This was issued by the Murray Defence Committee in 1976 or early 1977. It concerned the possibility that Noel and Marie Murray might be hanged for the murder of Garda Michael Reynolds after the Death Sentence was passed during their trial.
Noel Murray had been a member of Sinn Féin from 1966 and had gone with Official Sinn Féin in 1970. Marie Murray had been active in the Housing Action Committee in Dublin in 1969 from which she had joined OSF the following year. Both had left OSF in 1973 but remained politically active - apparently on the anarchist left. Some sources suggest they were part of the little known anarchist splits from OSF - Dublin Anarchist Group and New Earth.
As noted in The Lost Revolution, The Murray Defence Committee was not supported by Official Sinn Féin.
The pamphlet here is very much focused on the Death sentence which was initially handed out [and only later on appeal was set aside because they could not have known that it was a Garda that was shot, since he was off-duty] and reporting the trial and refers almost not at all to issues of guilt. It gives considerable space to the conduct of the trial and the situation leading up to it subsequent to their arrests.

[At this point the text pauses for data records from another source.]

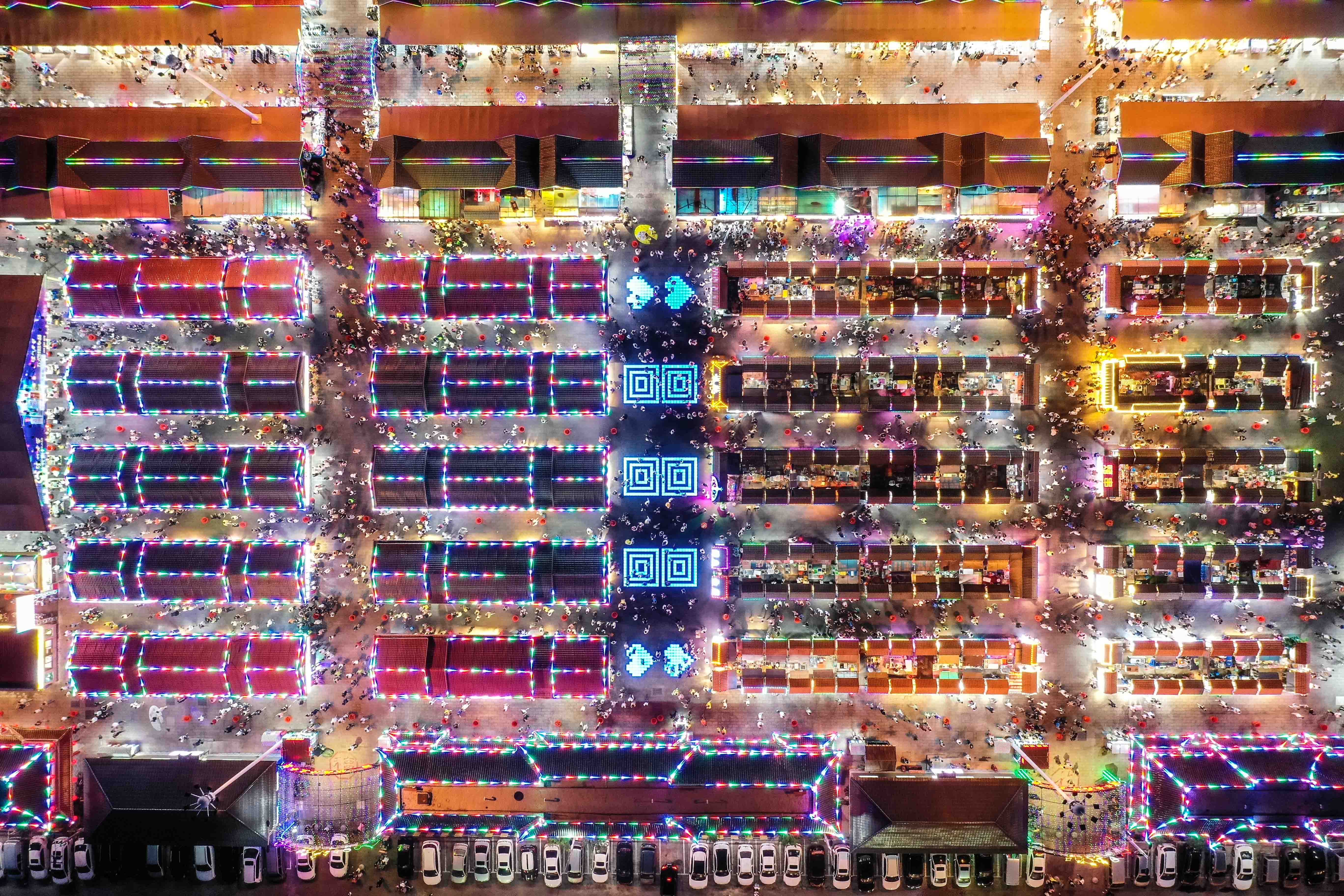 Aerial photo shows an international night market in Shenyang, capital of northeast China's Liaoning Province. (Xinhua/Pan Yulong)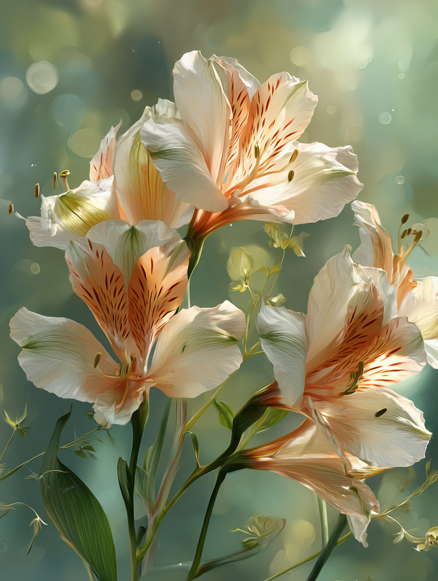 Close-up of blooming white lilies with orange accents, set against a soft green bokeh background, highlighting their delicate beauty.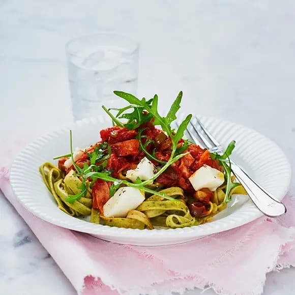 Paprikaslungad pasta med mozzarella och prosciutto cotto

Interestingly it positions both of the Murrays as being ‘politically active’ and ‘continuing to fight for…an independent socialist Ireland’.
As was noted to me by the person who very kindly donated it to the Archive:
On the photo on P.3 - carrying the banner on the left is Tony Gregory. Marching behind him are Mick Ryan and Seamus Ó Tuaithail.
There is also some literature relating to this case here on the Irish Election Literature Blog.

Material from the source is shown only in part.